The most attended route is the one on the West ridge across the Sattel, the Swiss Normal route, which is frequently traveled even in the spring on skis. It's a long and beautiful ascent that rises along the basal moraines, then follows the Monte Rosagletscher and reached the Sattel climb up the West Ridge to the top. The view from the summit gives a peculiar feeling looking down on the near Matterhorn, however the view down to the Italian Macugnaga is not as overwhelming as from Nordend, since Dufourspitze is not located on the Monte Rosa ridge, which forms the frontier between Italy and Switzerland, but one hour away to the west. This is the route of the first summiters and starts from the Monte Rosa hut on the Swiss side. Dufourspitze is not considered as a difficult mountain if climbed following this popular and frequented route, but it's necessary to be fully equipped with axe, rope, crampons and warm and wind resistant clothes. Only Mont Blanc is higher in the Alps, and it is highly recommended not to start the climb under dubious weather conditions.
All the routes starting on the Italian side are rather difficult to climb.
The Macugnaga wall is the highest one in Europe and drops down a full 2600 meters! Its bright white wall reflecting the morning sun can be seen from hundreds of miles away. It is a pity that this wonderful wall is extremely dangerous or enormously long to climb.
Swiss side - The starting point to climb Dufourspitze from the Swiss side is the Monte Rosa Hütte 2883 m. The easiest way to reach this refuge is to take the train from Zermatt to Rotemboden. It is also possible to go on foot following the road and then the path, following the signs for the Gornergrat.
By train from Zermatt to Rotemboden. Here take the path that cuts and descends diagonally and gently towards the moraine. If there is still snow the slopes are very steep.
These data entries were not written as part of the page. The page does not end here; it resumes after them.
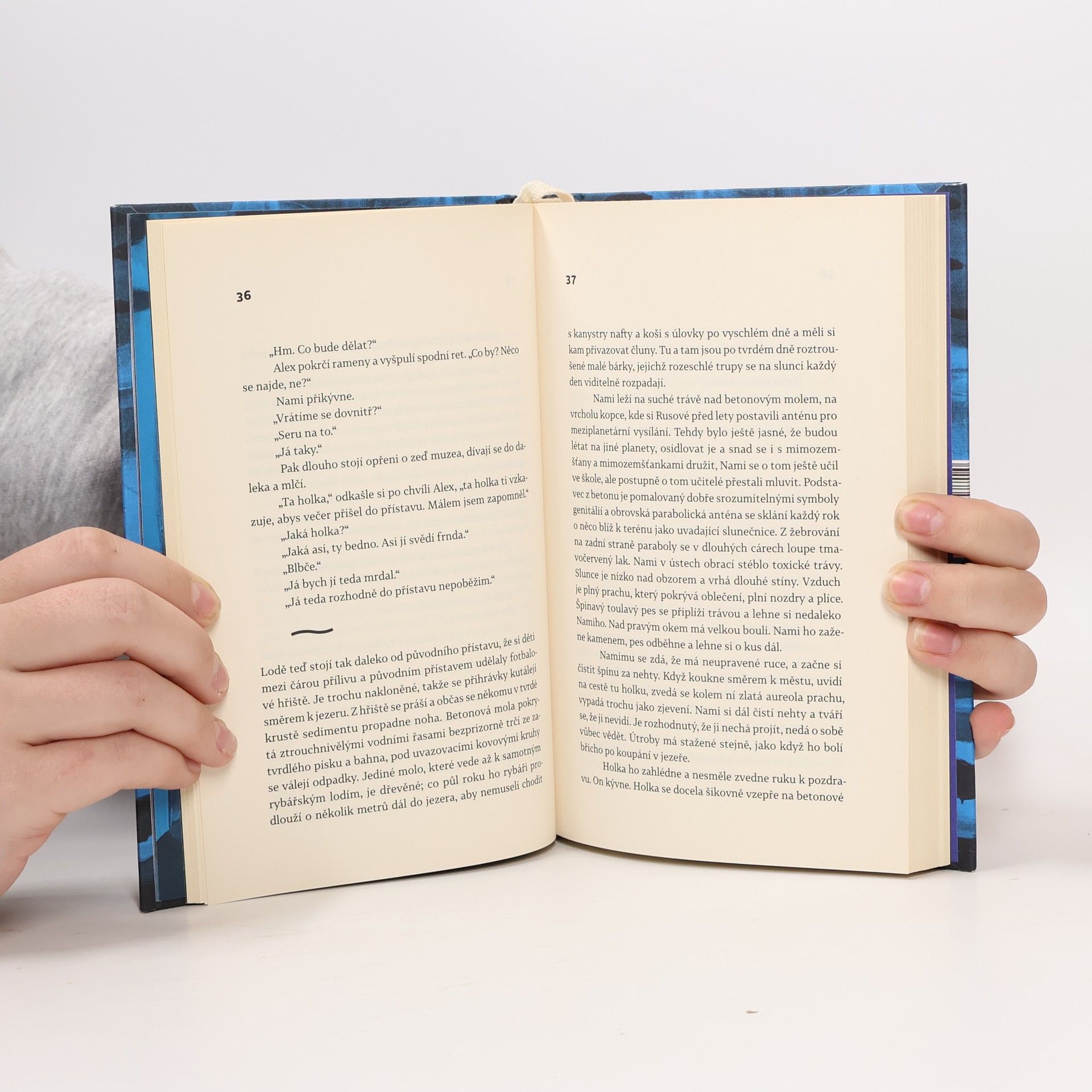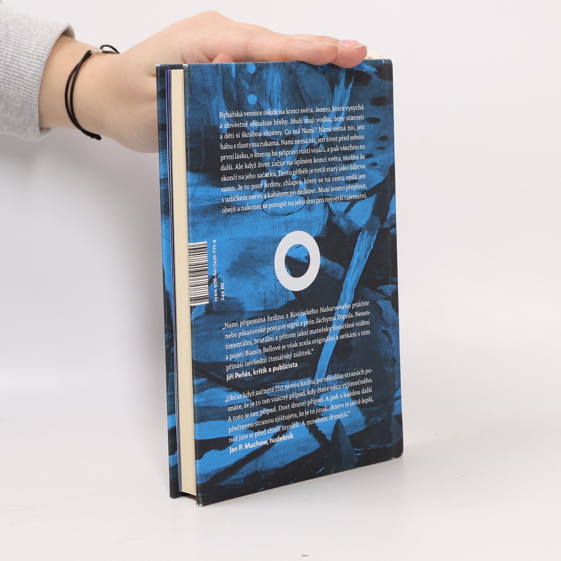 Příběh ze současnosti starý jako lidstvo samo. Rybářská vesnice někde na konci světa, u jezera, které vysychá a zlověstně vyhrnuje břehy. Muži mají vodku, ženy starosti a děti si škrábou ekzémy. Co má Nami? Nami nemá nic — jen bábu s tlustýma rukama. Nami nemá nic, jen život před sebou: první lásku, o kterou ho připraví ruští vojáci, a pak to všechno další. Raději na to nemyslet. Ale když život začne na úplném konci světa, možná že skončí na jeho začátku. Tenhle příběh je totiž starý jako lidstvo samo. Je to pouť hrdiny, chlapce, který na cestu vyráží jen s uzlíčkem nervů a kabátem po dědkovi. Musí do světa, aby hledal, a vrátit se domů, aby našel. Musí jezero přeplout, obkroužit a nakonec se potopit na jeho dno pro největší tajemství. Bianca Bellová napsala brilantní novelu, která se podobá i nepodobá jejím předchozím knihám. Zůstává syrovost vidění, přesný a úsečný jazyk. Ale tentokrát se ocitáme v úplně jiném světě, hutnějším, hlubším, osudovějším. Teprve zde jako by do sebe vše zapadlo. Jezero svými ledovými vodami svírá útroby.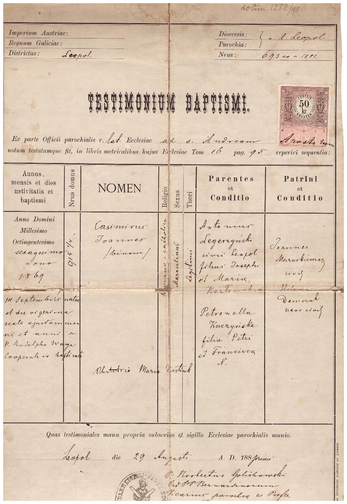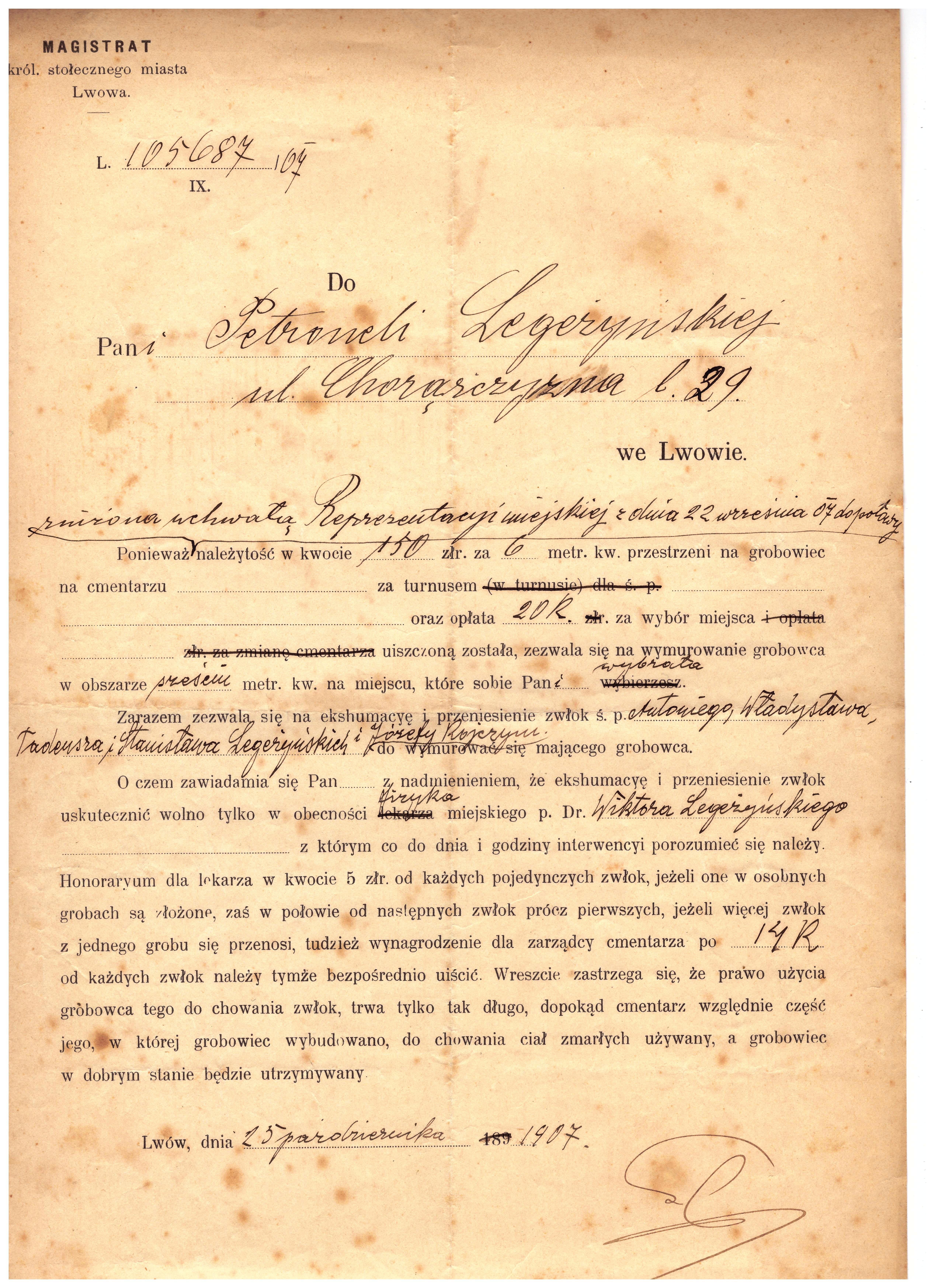 - Lwów 1907 zezwolenie na wybudowanie grobowca na cmentarzu Łyczakowskim Kazimierza Legeżyńskiego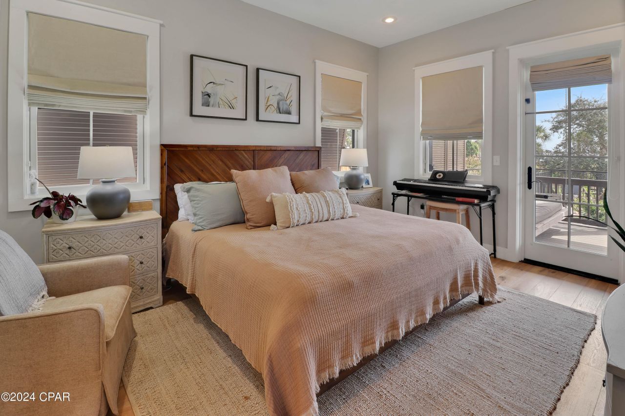 Coastal living at its finest! Step into your dream home with breathtaking, unobstructed bay views and custom, must-see details. The first-floor sanctuary boasts a private primary suite with a porch and poolside view, while the tailor-made bunk room with built-in storage is a delightful bonus for guests. Convenience meets luxury with easily accessible laundry and a full bath from the pool area. Upstairs unveils a perfect blend of a kitchen/living/dining combination featuring a cozy fireplace, hardwood floors, and top-notch stainless steel appliances. An entertainer's paradise, this space opens to an oversized Key West-style porch with louvered shutters and an outdoor BBQ area, all overlooking a private pool and the stunning vista beyond. On the main level, discover a convenient half bath, two guest rooms with a private porch, and a jack-and-jill full bath. Ovation, the epitome of coastal living, provides two bayside docks for boating and kayaking, tennis courts, bayfront and gulf-side pools, and a boardwalk leading to uncrowded, pet-friendly beaches. Ready to turn this dream into reality? Call for a showing and embark on a personalized tour of this exceptional area. Your coastal oasis awaits!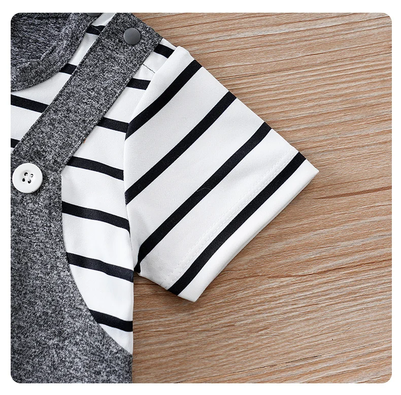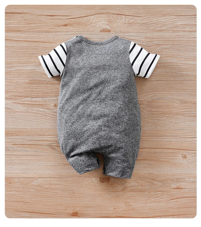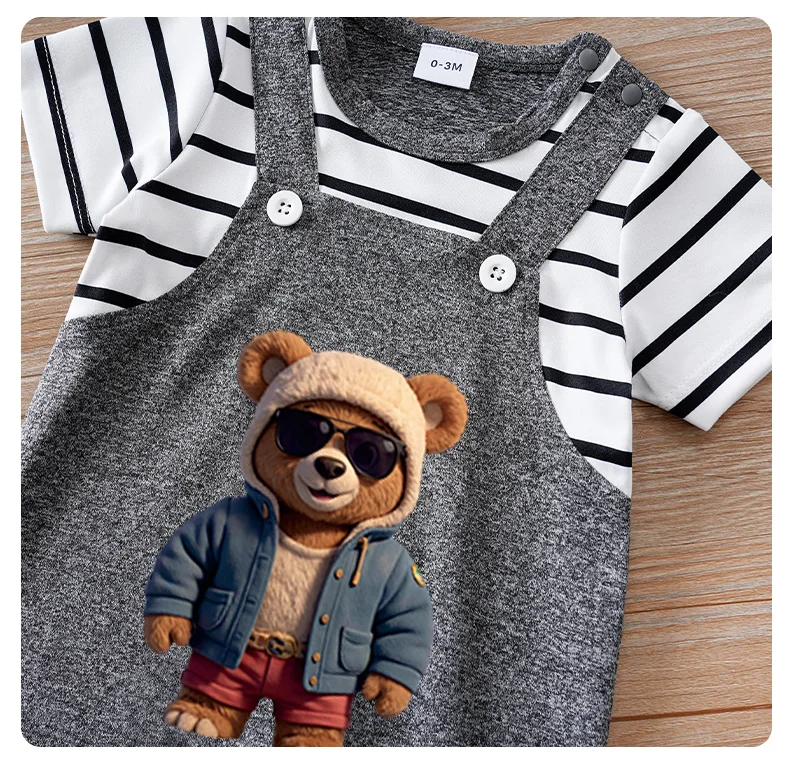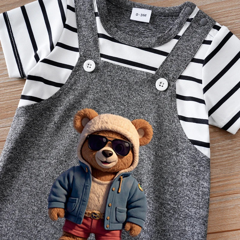 Barboteuse d'été 2 pièces à manches courtes et col rond rayé à motifs d'ours pour bébés garçons et filles en gris foncé.

You touch the Gornergletscer, sections equipped with ropes, poles, white-blue flags. Some sections equipped with wooden pegs and cables under the shelter due to the considerable lowering of the glacier
Italian side - The starting points to climb Dufourspitze from the Italian side are the refuges Mantova and Gnifetti. Two different approachs ways are possible depending if coming from the Valle di Gressoney (Aosta) or from Val Sesia (Piemonte).
Access via the Valle di Gressoney (Aosta Valley) - From the A5 Torino – Aosta Highway, exit Pont St. Martin and take the Valle di Gressoney, getting to Gressoney St. Jean, Gressoney La Trinité and Staffal. From Staffal take the Cable car to Alpe Gabiet – Passo dei Salati - Indren
Access via the Val Sesia (Piemonte) - From the A26 Highway exit to Romagnano Sesia and take the road to Varallo Sesia. Here continue following all the Val Sesia road to Alagna Valsesia. From Alagna Valsesia take the Cable car to Pianalunga - Passo dei Salati – Indren
Approach to Refuge Mantova 3470 m and Capanna Gnifetti 3611 m
The Rifugio Mantova is located at the foot of the Garstelet Glacier, just below the Capanna Gnifetti. Both huts are the starting point for the ascent to Piramide Vincent and to some other peaks of the Monte Rosa Group, such as Punta Gnifetti, Corno Nero, Eastern Lyskamm. You pass the cable car station leaving it to the right and head towards the small Indren glacier to cross it completely. In this section it is not normally necessary to use the crampons as there are no strong slopes and the track is normally obvious. In addition, snowfall is reduced year by year. In any case, it is appropriate to evaluate according to the season and the conditions. Crossing the glacier, or what remains of it, you reach the base of a rocky wall, here you can alternatively follow two trails: the high one that with small bends leads to the small rocky wall, where the path is equipped with fixed ropes and ladders, or follow a low trail that goes beyond the glacier and runs on the more gentle side of the wall reaching the Rifugio Mantova trail. Using the high track, it shortens the route for about 15 minutes. From here you can see both Rifugio Mantova and Rifugio Gnifetti. With a slight descent to the left you reach the Rifugio Mantova, while crossing the area of stones and rocks you enter the glacier of the Garstelet and following the obvious track to the Rifugio Gnifetti.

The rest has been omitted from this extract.